DB Breweries is a New Zealand brewing company founded in 1930 by Sir Henry Kelliher and Morton Coutts in Auckland. Asia Pacific Breweries acquired 90% of DB Breweries in 2004.

There are several beers produced under the DB brand, including DB Draught, a 4% amber coloured lager and Export Gold, a 4% pale lager.
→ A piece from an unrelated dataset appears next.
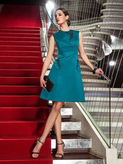 A-Line Elegant Homecoming Cocktail Party Valentine's Day Dress Jewel Neck Sleeveless Knee Length Satin with Beading Appliques

Export Gold was first brewed as DB Export as a result of the "Black Budget" from then Minister of Finance Arnold Nordmeyer which imposed extremely high duty on imported premium lagers, though the extent to which the 'black budget' influenced the creation of DB Export is currently under dispute. DB Export was initially brewed as a 5.4% premium lager and with "Export" in the title to compete with international premium lagers. In 1994, the name was changed from DB Export to DB Export Gold, and in 1998 to simply Export Gold.

====Tui Brewery====
The Tui Brewery was established in 1889 in Mangatainoka in the Wairarapa region of North Island New Zealand by Henry Wagstaff and Edward Lyons Russell; it was taken over by DB Breweries in 1969. The brewery tower is shown in advertising campaigns for Tui Beer which feature a statement, such as "War will bring peace" followed by the dismissive tag line "Yeah right". Tui East India Pale Ale (Tui), a 4% amber lager, is the main brand.

====Monteith's====
Monteith's Brewery Company was originally a family-owned brewery on New Zealand's South Island West coast. DB Breweries bought it and closed its Greymouth brewery in 2001; this was since reopened, however, and production also takes place at Auckland.